Top of Input material

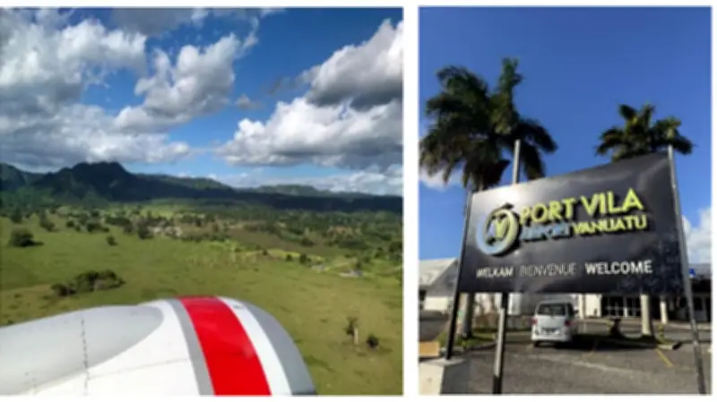 বিমানবন্দরে পৌঁছানোর পর হাসিমুখে স্থানীয়দের আন্তরিকতা চোখে পড়ে। ড্রাইভার ফ্রাঙ্ক, যিনি চীনা বংশোদ্ভূত এবং দীর্ঘদিন ধরে ভানুয়াতুতে বসবাস করছেন, তিনি বিমানবন্দর থেকে ভিলায় নিয়ে যান। ভিলা কমপ্লেক্সে মোট ৭টি ভিলা রয়েছে, প্রতিটিতে নিজস্ব সুইমিং পুল ও পার্কিং সুবিধা আছে। ফ্রাঙ্কের কাছ থেকে স্থানীয় টিপস পাওয়া যায়, যা ভ্রমণকে আরও সহজ করে তোলে।
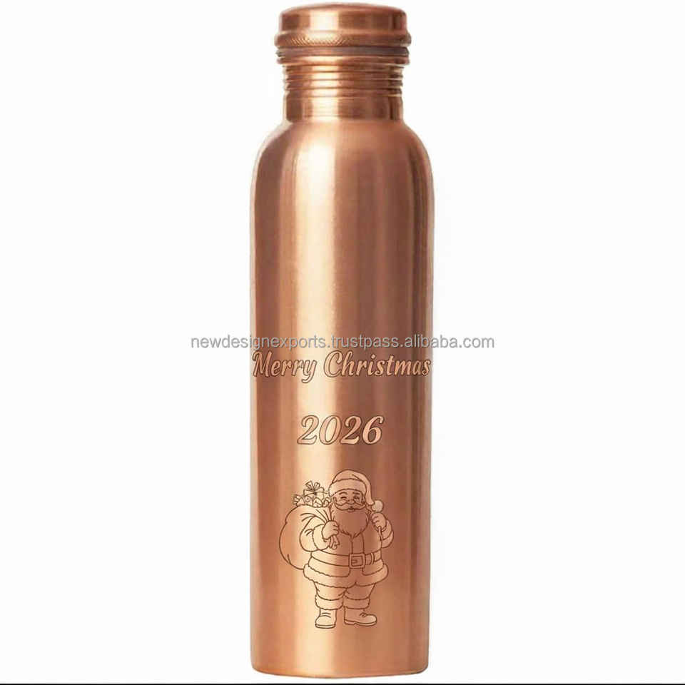 32 oz Pure Copper Water Bottle with Lid Merry Christmas & Santa Engraved
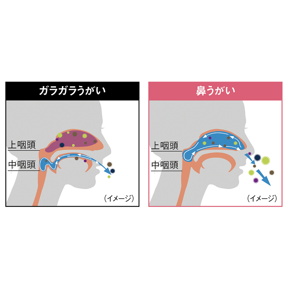 ガラガラうがいでは上咽頭・鼻腔は洗い流せない!
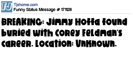 X says BREAKING: Jimmy Hoffa found buried with Corey Feldman's career. Location: Unknown.
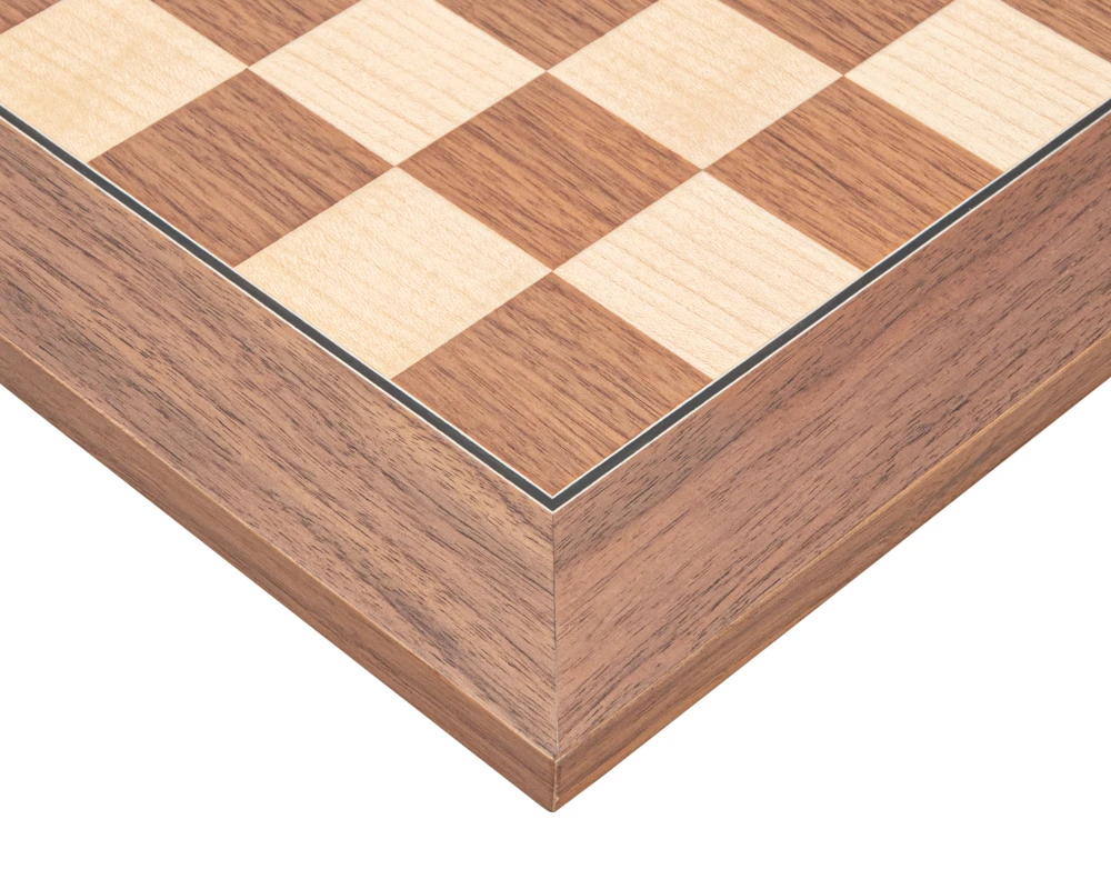 The chess board in this set has been expertly crafted by Rechapados Ferrer in Spain using precision laser cutting techniques and stunning wooden veneers combined with expert lacquering and finishing. The underside of the board is finished in a satin veneer that is a different colour from the playing surface of the board. The veneers used for the underside may vary in colour from batch to batch.

Bottom of Input material

**Exercise description**
Write everything in the records out exactly, apart from the pictures.

**Finished exercise**
 বিমানবন্দরে পৌঁছানোর পর হাসিমুখে স্থানীয়দের আন্তরিকতা চোখে পড়ে। ড্রাইভার ফ্রাঙ্ক, যিনি চীনা বংশোদ্ভূত এবং দীর্ঘদিন ধরে ভানুয়াতুতে বসবাস করছেন, তিনি বিমানবন্দর থেকে ভিলায় নিয়ে যান। ভিলা কমপ্লেক্সে মোট ৭টি ভিলা রয়েছে, প্রতিটিতে নিজস্ব সুইমিং পুল ও পার্কিং সুবিধা আছে। ফ্রাঙ্কের কাছ থেকে স্থানীয় টিপস পাওয়া যায়, যা ভ্রমণকে আরও সহজ করে তোলে।
 32 oz Pure Copper Water Bottle with Lid Merry Christmas & Santa Engraved
 ガラガラうがいでは上咽頭・鼻腔は洗い流せない!
 X says BREAKING: Jimmy Hoffa found buried with Corey Feldman's career. Location: Unknown.
 The chess board in this set has been expertly crafted by Rechapados Ferrer in Spain using precision laser cutting techniques and stunning wooden veneers combined with expert lacquering and finishing. The underside of the board is finished in a satin veneer that is a different colour from the playing surface of the board. The veneers used for the underside may vary in colour from batch to batch.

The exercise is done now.